Former UC student named NZ’s young engineer of the year

A former University of Canterbury (UC) student has been named New Zealand’s young engineer of the year.

Ben Hayward, who works for Fulton Hogan in Christchurch, received the award tonight at the New Zealand Engineering Excellence Awards gala dinner in Auckland.

The award recognises the achievements of a young engineer who has contributed significantly not only to the engineering profession, but also to the wider community.

Hayward recently worked on a $115million Christchurch motorway project and was promoted to construction manager as the project progressed from design to construction.

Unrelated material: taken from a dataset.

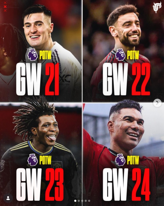 카세미루가 24라운드 이주의 선수에 선정되면서 맨유는 4주 연속 이주의 선수를 배출한 팀이 됐다.

This big project was completed on time, to budget and with an exemplary safety record. This achievement is all the more remarkable given the need to split the project to free staff for urgent work associated with the Christchurch earthquakes.

A chartered professional engineer, Hayward received a masters degree at UC and has been with Fulton Hogan since 2004.

UC lecturer Dr Mofreh Saleh tutored Hayward in 2004 during a pavement engineering course. Dr Saleh said Hayward did his honours project under his supervision.

``He did quite well in the both the pavement course and in his honour project and he received an A in the course and he was ranked the second in his pavement class. I found him quite diligent and was a self-motivated student.’’

Award judge Laurence Zwimpfer said they gave the award to Hayward because they wanted someone `who was a role model for other young engineers’.

Hayward’s communication experience was put to the test in October as the four young engineer of the year finalists were required to make project presentations to a crowd of more than 70 fellow engineers in Auckland. Audience members voted anonymously for the best presentation and the scores were added to the final tally.

Three of the four finalists were UC alumni and two of them are currently working in Christchurch – Hayward and Matthew Bishop. The other UC graduate in the finals was Gina Waibl.

Bishop founded his Christchurch mechanical engineering consultancy BVT Mechanical Engineering in 2009. He is heavily involved with the Christchurch rebuild, including contributing to the structural design for the new AMI Stadium, lifting, demolition and drainage.